■ What is needed ■
Set down every line below, word for word.

■ Supplied data ■
━━━━━━━━━━━━━━━━
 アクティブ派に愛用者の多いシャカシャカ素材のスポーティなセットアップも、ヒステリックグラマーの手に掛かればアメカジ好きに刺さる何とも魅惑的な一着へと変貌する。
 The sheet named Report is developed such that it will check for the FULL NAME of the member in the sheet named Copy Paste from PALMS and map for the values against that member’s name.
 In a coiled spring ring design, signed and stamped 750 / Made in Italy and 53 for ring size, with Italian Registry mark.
━━━━━━━━━━━━━━━━
■ Result of this task ■
 アクティブ派に愛用者の多いシャカシャカ素材のスポーティなセットアップも、ヒステリックグラマーの手に掛かればアメカジ好きに刺さる何とも魅惑的な一着へと変貌する。
 The sheet named Report is developed such that it will check for the FULL NAME of the member in the sheet named Copy Paste from PALMS and map for the values against that member’s name.
 In a coiled spring ring design, signed and stamped 750 / Made in Italy and 53 for ring size, with Italian Registry mark.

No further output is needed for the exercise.